In order to reveal whether B4GALT1 expression on the protein level was possibly responsible for the observed changes of IgG galactosylation, we performed western blot analysis on samples from experiments 2 and 3 (Figure S4). We then calculated relative B4GALT1 protein levels in the individual passages using densitometry analysis and normalized it to the seventh passage to be able to correlate these changes with transcriptional and glycan (galactosylation) changes. While there were no significant transcriptional (mRNA level) changes of B4GALT1 at the time points analyzed, the protein levels were changing during prolonged passaging (Figure 4).

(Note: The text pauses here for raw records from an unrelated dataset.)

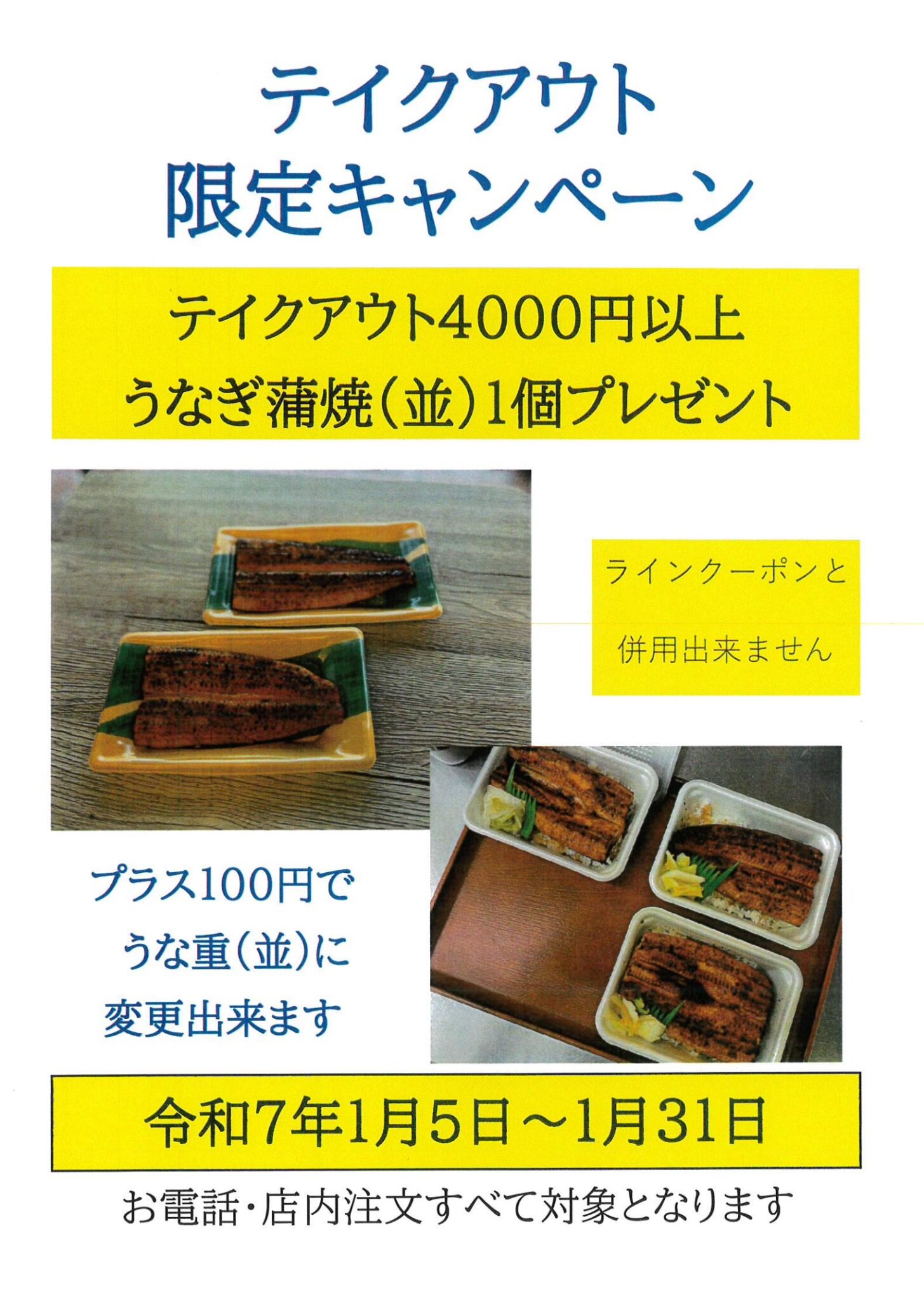 4000円以上でうなぎ蒲焼を1個プレゼント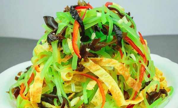 4.准备一个大盆,倒入蒜末,加入食盐2克,味精1克,白糖少许,白醋5克,香油5克,倒入准备好的木耳、莴笋颠盆拌匀,再倒入鸡蛋丝,继续拌匀以后即可装盘食用。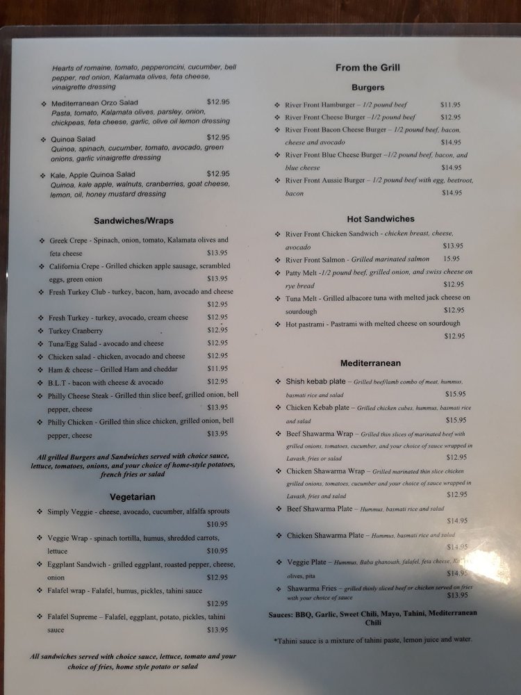 With convenient outdoor seating, free Wi-Fi, and a pet-friendly policy, River Front Cafe is more than just a meal—it's an experience you won’t want to miss. Enjoy excellent service, a relaxed atmosphere, and a feast that satisfies all your culinary desires.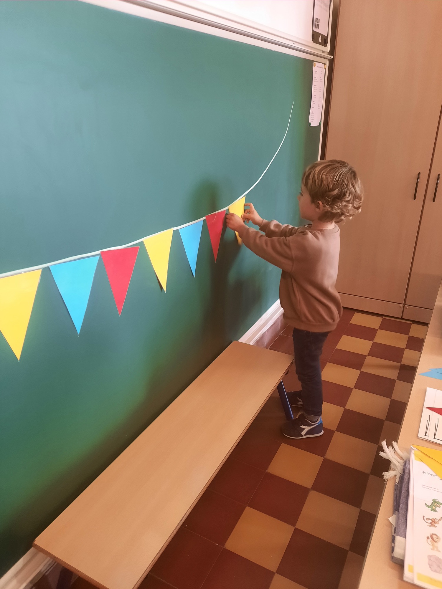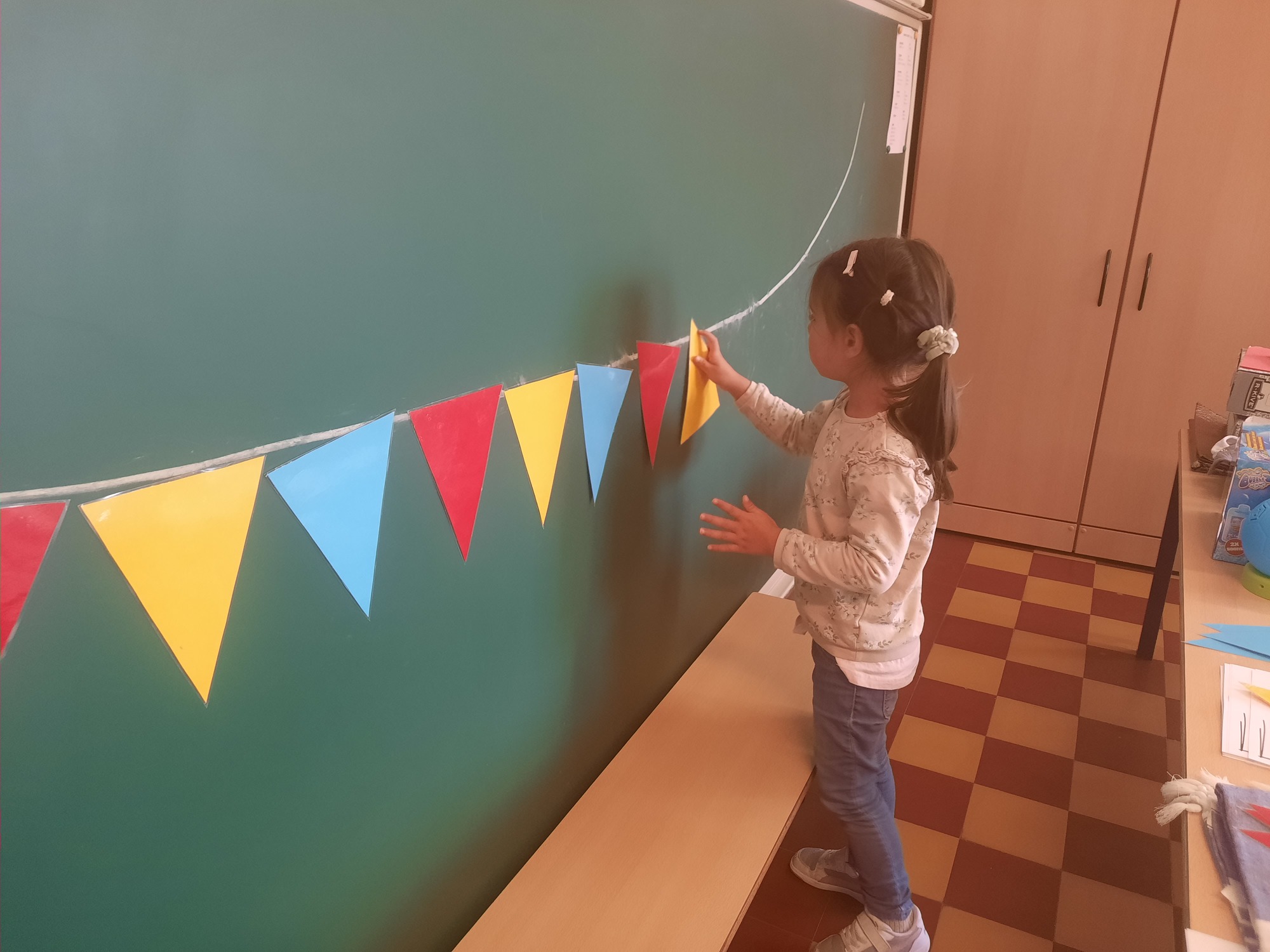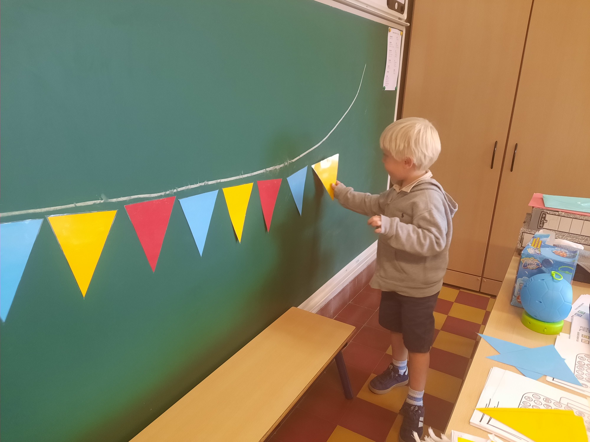 2KC: De vlaggenlijn: Maak het juiste patroon.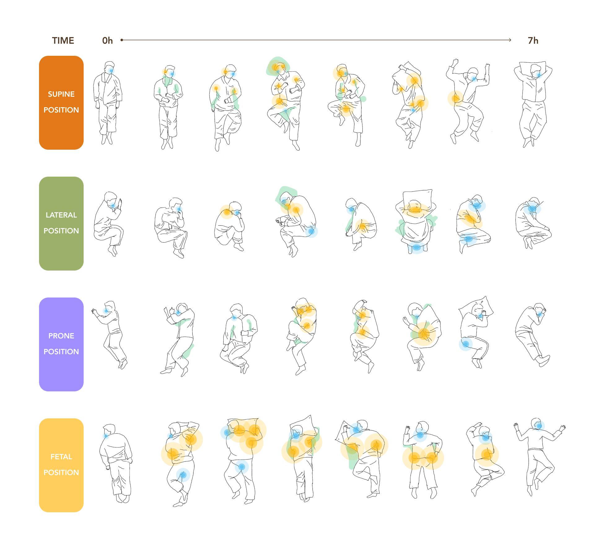 This diagram illustrates the optimal placement of temperature, humidity, and CO2 sensors in relation to a user's changing positions during sleep. It aims to identify the most effective locations for each sensor to accurately capture environmental and physiological data throughout the night.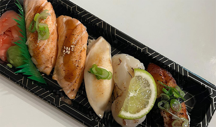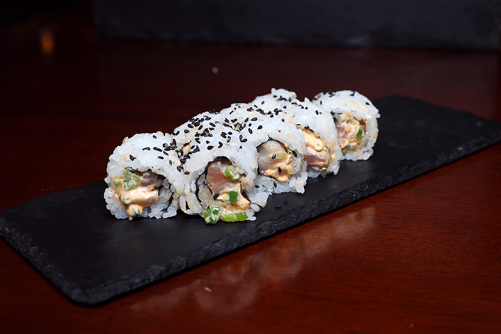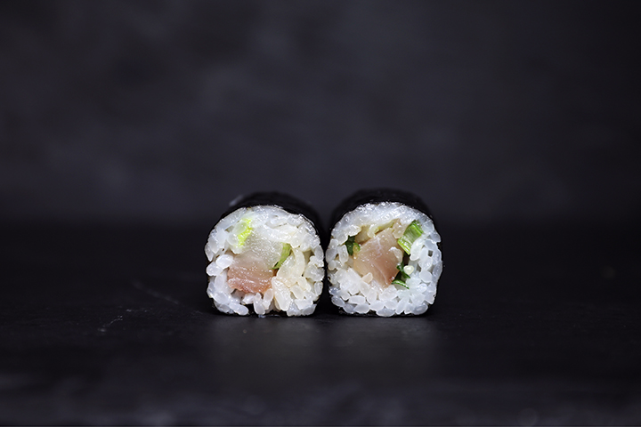 Fresh sushi (5pcs), Spicy Salmon or Spicy Tuna Roll (8pcs)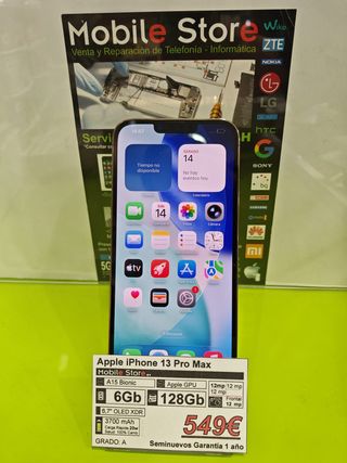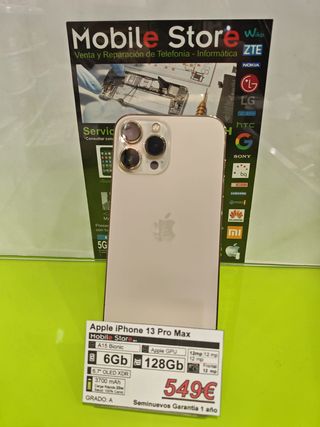 Apple iPhone 13 Pro Max en color oro con 128GB de almacenamiento. -Chip A15 Bionic. -Pantalla Super Retina XDR de 6.7". -Batería de 3700 mAh carga rápida de 20W. -Grado A. Todos nuestros artículos de segunda mano han sido testeados debidamente para comprobar su correcto funcionamiento. Damos 1 año de garantía en artículos usados y 3 años en artículos nuevos. Quieres verlos? Pásate por alguna de nuestras tiendas: MOBILE STORE MALAGA Avda. de la Aurora, 19 Calle Armengual de la Mota, 10 MALAGA Teléfono (Whatsapp): 627 119 234 Compramos también teléfonos, incluso con avería. Nuestras valoraciones nos avalan.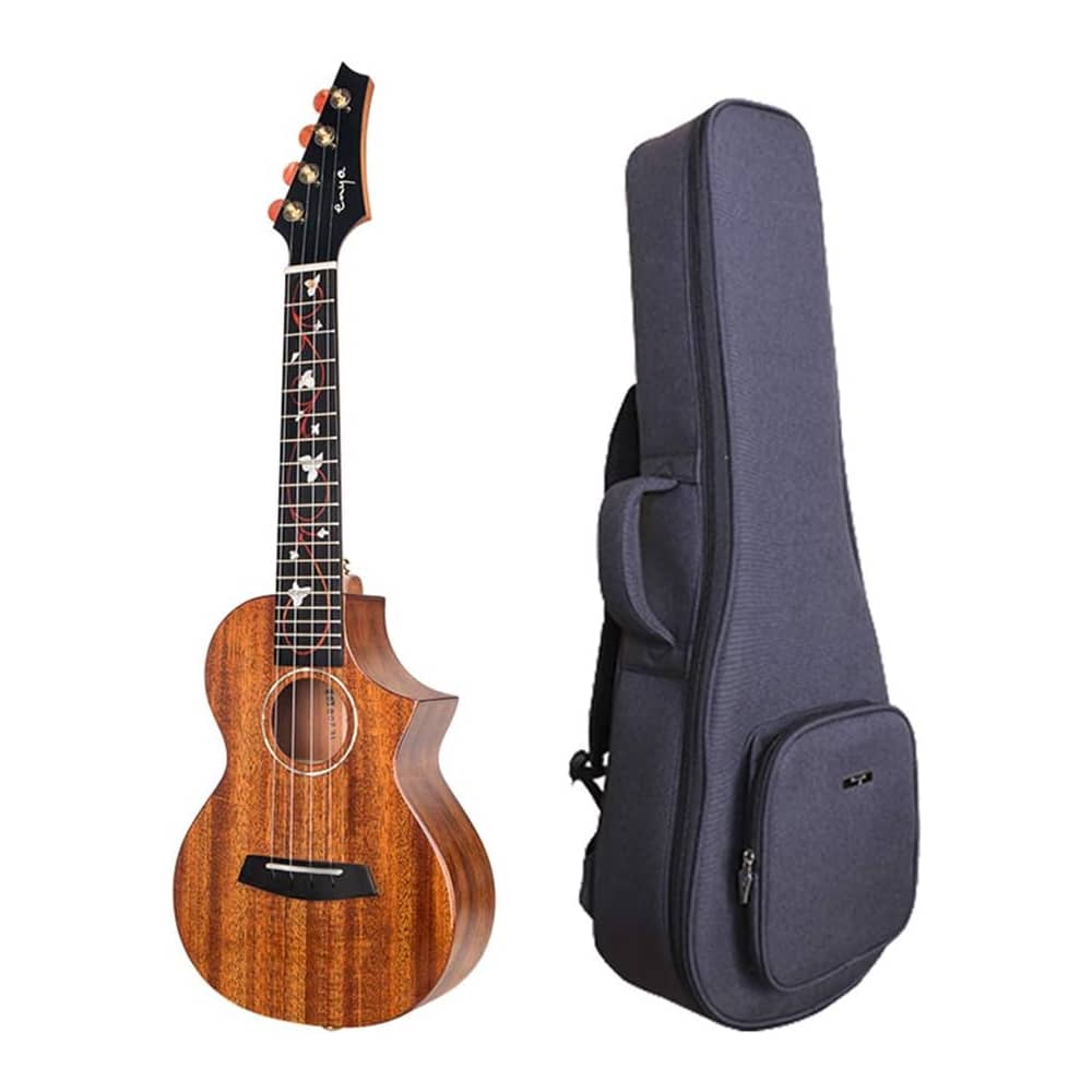 The Enya EUT-M6 tenor ukulele stands out as a professional-grade instrument with its all-solid mahogany construction, delivering rich resonance that improves over time. Its abalone inlay and polished gloss finish give it a premium aesthetic that appeals to discerning players.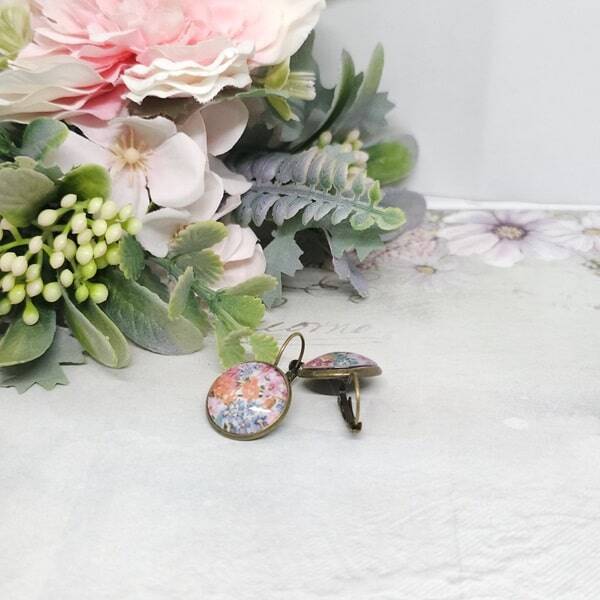 Boucles d'oreilles dormeuses avec cabochon en verre, Modèle Bucolique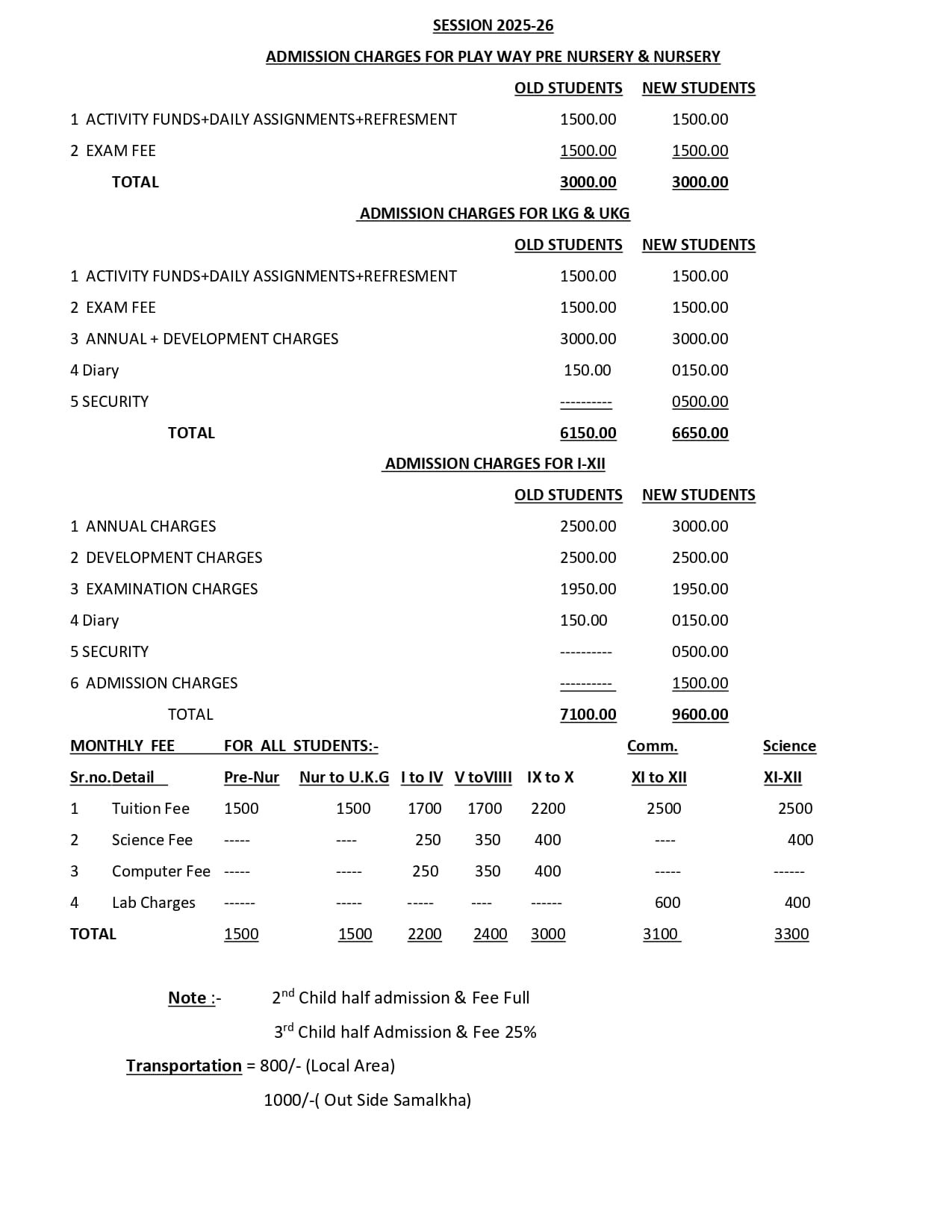 Fee Structure

The direction of changes in B4GALT1 expression on the protein level could not be correlated with the change of IgG galactosylation at most of the time points analyzed. Only protein changes in passages 23 and 39 (0.62-fold decrease in passage 23 and a 2.94-fold increase in passage 39) from time course experiment 2 were in line with the observed glycan changes. These results suggest that IgG galactosylation changed independently from B4GALT1 expression.

4. Discussion

IgG glycosylation is highly variable in human populations and is affected by both genetic and environmental factors. For example, the level of agalactosylated, core fucosylated IgG glycans can vary from 6–50% among healthy people, where galactosylation is the most heterogeneous IgG glycan trait [54,55]. Moreover, the decrease of galactosylated IgG glycoforms accompanies healthy aging and is associated with various multifactorial diseases [41,42]. The variability of the IgG glycome in the population level raises a question about the stability of glycans present in IgG produced by cells in culture. While there is ample experimental data on how different cell culture conditions such as temperature, pH, media additives, cell viability, and other factors greatly affect the glycosylation pattern of IgG, the data are missing on the stability of the IgG glycome during long cell passaging, i.e., cell “aging” [56,57,58,59,60,61]. Instability in mAbs-producing CHO cell lines during long-term culturing has been reported previously, mainly affecting the yield of antibodies produced, and is associated with lower cumulative cell time values and increased sensitivity to cellular stress [15]. Recently, Kaur et al. have reported changes in the glycan profile of IgG produced in CHO cells, resulting in a decrease of fucosylated and an increase of galactosylated structures in IgG produced in late passages of cells [43].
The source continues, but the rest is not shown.